Regardless of the underlying cause, current conditions have led to an increase in unionization by healthcare workers in the United States, expanding the scope of institutions that may be affected by strikes. Efforts led by the US Committee of Interns and Residents and the Doctors Council, which are affiliates of the Service Employees International Union (SEIU), have helped residents at large training hospitals such as Mass General Brigham and physicians at large health systems such as Alina Health to form their own unions.17,18 Increased unionization and strike activity mean that more hospitals should expect to face operational consequences if negotiations are unsuccessful.
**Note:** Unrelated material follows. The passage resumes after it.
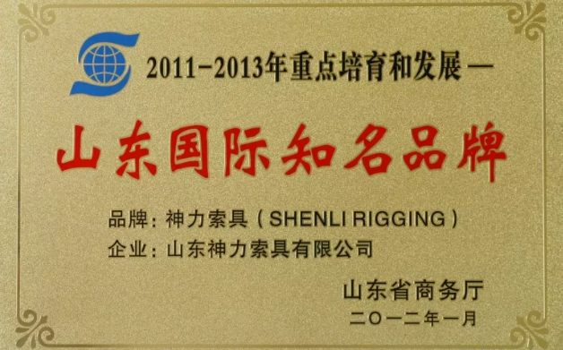 山東神力索具自成立以來,始終秉承科技創(chuàng)新、實(shí)施品牌戰(zhàn)略的發(fā)展理念,以優(yōu)質(zhì)產(chǎn)品和強(qiáng)勁創(chuàng)新能力奠定品牌戰(zhàn)略發(fā)展的基石,曾多次獲得相關(guān)榮譽(yù)。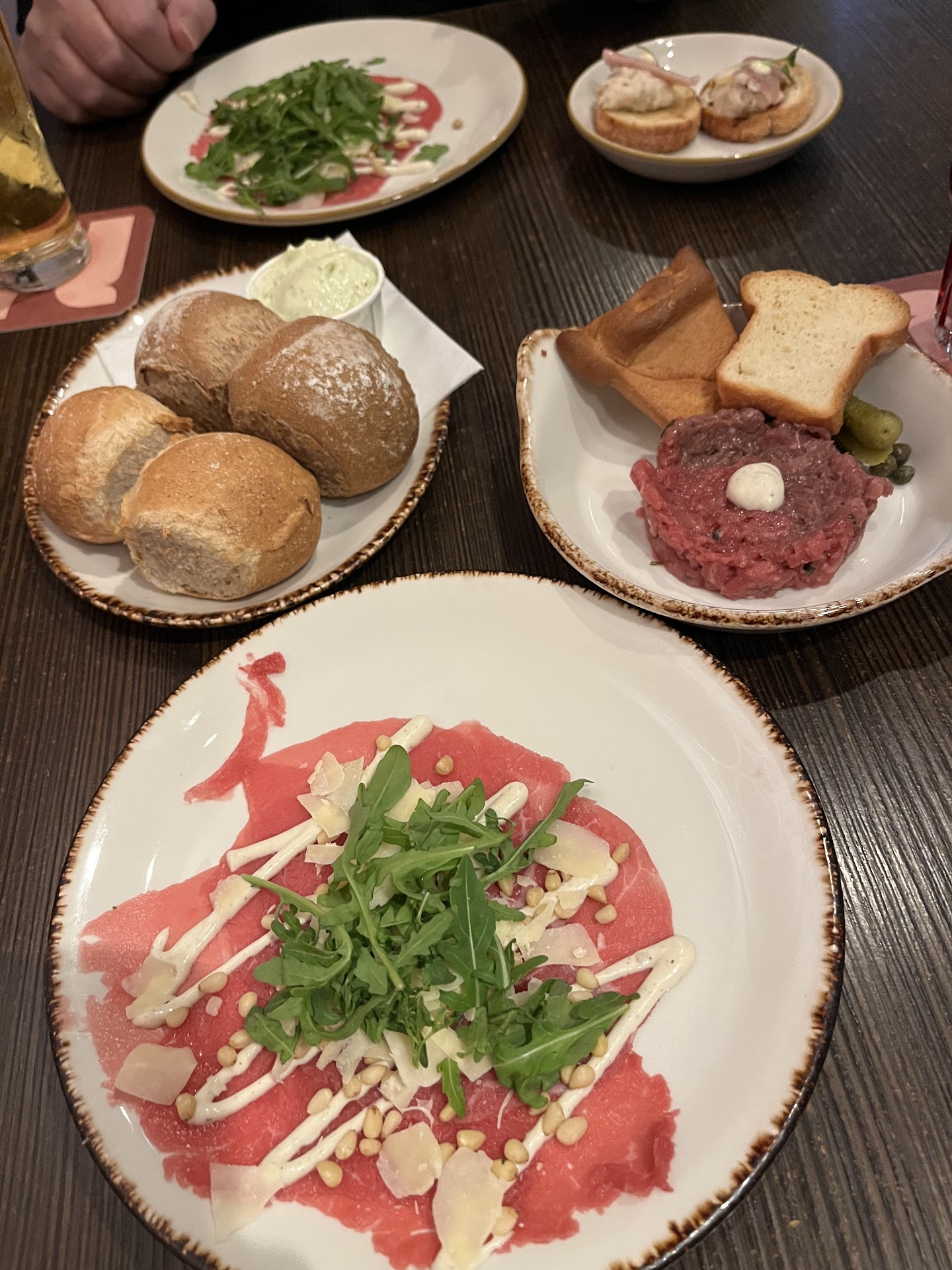 Graag wil ik iedereen op de hoogte houden wanneer je rond 18:00 / 19:00uur komt zal het restaurant vol zitten en zijn de wachttijden met het serveren van bestelde gerechten van 5 / 10 minuten naar 30 minuten lopen. (Wij waren hier om 17:30) Bestelde gerechten worden gelijknamige geserveerd ( niet apart zoals wat klaar is word direct geserveerd maar tot de hele bestelling compleet is ) waardoor je wel merkt dat 1 of 2 gerechten die eerder klaar waren al een beetje afgekoeld zijn. Bestel aan het begin 2 schaaltjes met brood met soort kruidenboter. Brood is warm en zacht en erg lekker voor tussendoor. Tijdens wachten is er altijd wel wat te drinken aan tafel en genoeg topics om erover te kletsen. Voor de prijs van 37.50 all in kijk je dat makkelijk door de vingers.

The consequences of such strikes could include appointment cancellations, delayed access to care, increased costs, and reduced quality of care. Impacts can also extend beyond the healthcare facilities directly affected by a strike to include hospitals nearby, which might receive increased quantities of patients. The evidence for some of these consequences is mixed. For example, a review of the literature on doctors’ strikes and mortality showed that mortality stayed constant or decreased during strikes but noted that explanatory factors could include the reassignment of staff, maintenance of emergency care capabilities, and curtailment of elective surgeries, which may carry risk. 19 Similar studies have repeated these findings, with emphasis on the importance of continued emergency care as a potential mitigating factor20,21 while others have shown little impact on patient morbidity 22 and reiterated that they did not show significant increases in mortality during strikes, regardless of the striking profession, country, duration, or number of facilities. 23
In contrast, 1 study of nursing strikes in New York State suggested that in-hospital mortality grew by 19.4% and hospital readmissions grew by 6.5% during strikes, with additional notes that replacement workers did not improve outcomes compared with hospitals that hired no replacements and that sicker patients consistently fared worse during strikes. 24 Still, a scoping review concluded that the impacts of strikes can vary, with overall mixed results dependent upon affected services and with the note that patient behaviors in response to strike actions could not be deciphered from the literature. 25
Concerns about the outcomes of healthcare strikes on patient outcomes have generated discussions about whether it is ethical for providers, who may have a perceived duty to “do no harm” to their patients, are justified in striking.26-28 One proposed framework, for example, concluded that strike action is justifiable if (1) demands or grievances pertain to unfairness or health threats and (2) strike risks are proportionate to demands, along with considering characteristics and sociopolitical context around the strike. 29 Other perspectives have offered advice to both striking providers and employers on how to balance a fundamental right to strike with the needs of patients, such as encouraging workers to make realistic demands and suggesting that employers offer timely collective bargaining agreements while avoiding mass firing or excessive disciplinary actions. 26 The experience of striking providers is yet another area of exploration in the literature, with at least 1 study interviewing junior doctors in England's National Health Service about a 2015-2016 contract dispute, finding that strikes led to a reworking of their professional identity, and outlining 3 “identity threat alleviation” strategies that doctors constructed. 30
While the consequences of strikes can vary, alongside their causes, politics, and ethics, they will generally cause some disruption to normal operations, and the more pertinent discussion for the emergency management communities is how to prepare for and respond to such strikes. This point is especially critical given the aforementioned assessment that emergency care continuity is a significant mitigating factor when it comes to morbidity and mortality risks during strikes. In this article, we propose a strike planning template (see Supplemental Materials, www.liebertpub.com/doi/suppl/10.1089/hs.2024.0095) for hospitals to use when facing a provider strike of any kind, using insights gleaned from the management of a resident physician strike in a hospital of New York City’s municipal hospital system.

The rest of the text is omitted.